One point Armitage doesn’t discuss but which seems critical to me is that, if historians reject presentism, they seem to be disqualified, at least qua historians, from saying anything useful about the present. It’s impossible, for example, to talk about (or even to name) last year’s insurrection without bringing in terms and ideas that are value-laden.
But, looking backwards, when does the present stop and the past begin? Should Thatcher and Reagan be regarded as people of their times, exempt from critical judgement? What about their opponents and supporters who are still living? Should historians treat their (or rather, our, since I’m among the critics) actions in the 1980s as objects of study, disregarding our own belief that our concerns then are just as valid now.
Similarly, if it’s appropriate to condemn Donald Trump’s racism now, does it make sense to view the same racism, as expressed by Trump in the 1960s, as a morally neutral product of the times?
And given the fact that generations overlap, there’s no obvious end to this. How should we think about the relationship between Donald Trump and Roy Cohn, or between Cohn and Joe McCarthy?
None of this is to say that people should be judged according to our own local and temporal standards, without reference to their own circumstances. The racism of a privileged New Yorker like Trump says a lot more about him personally than the same attitudes held by a poorly educated white farm worker in Mississippi. Similarly, there’s a big difference between attitudes expressed at a time when nearly everyone accepted them to the same attitudes expressed when they are widely condemned.
But the idea of a value-free social science has been tested to destruction in fields like economics. It is no more defensible in history.

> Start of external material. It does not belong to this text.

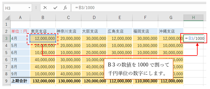 ‘②セルH3を選択して、「=B3/1000」を入力してください。

fn1. I didn’t mention this in my tweet, which focused on the contrast between economics and history
fn2. There’s a similar debate in political science, but I don’t think the “value free” approach ever gained the same dominance as it had economics
fn3. This was only 20 years after Butterfield’s denunciation of “Whig history”, which seems to have carried all before it among historians
{ 28 comments }
John Quiggin 01.09.22 at 11:04 am
Like any form of relativism, the anti-presentist position is self-refuting if taken too far. The Whig historians were, after all, products of their times, doing history in the way that was considered right when they wrote. What right do present-day historians have to say that their predecessors were wrong, and that the current version of historiography is the right one.
Peter T 01.09.22 at 12:40 pm
Once past the first page, the speech by David Armitage is careful and nuanced. He is explicit that anti-presentism in the context of history does not mean a suspension of ethical judgement. The past is another country, other countries are well, other, and for that matter not all individuals have the same value. The effort to understand all these – whether in history, anthropology, sociology or psychology, necessarily involves a separation of analysis from judgement. Are you arguing that it should not?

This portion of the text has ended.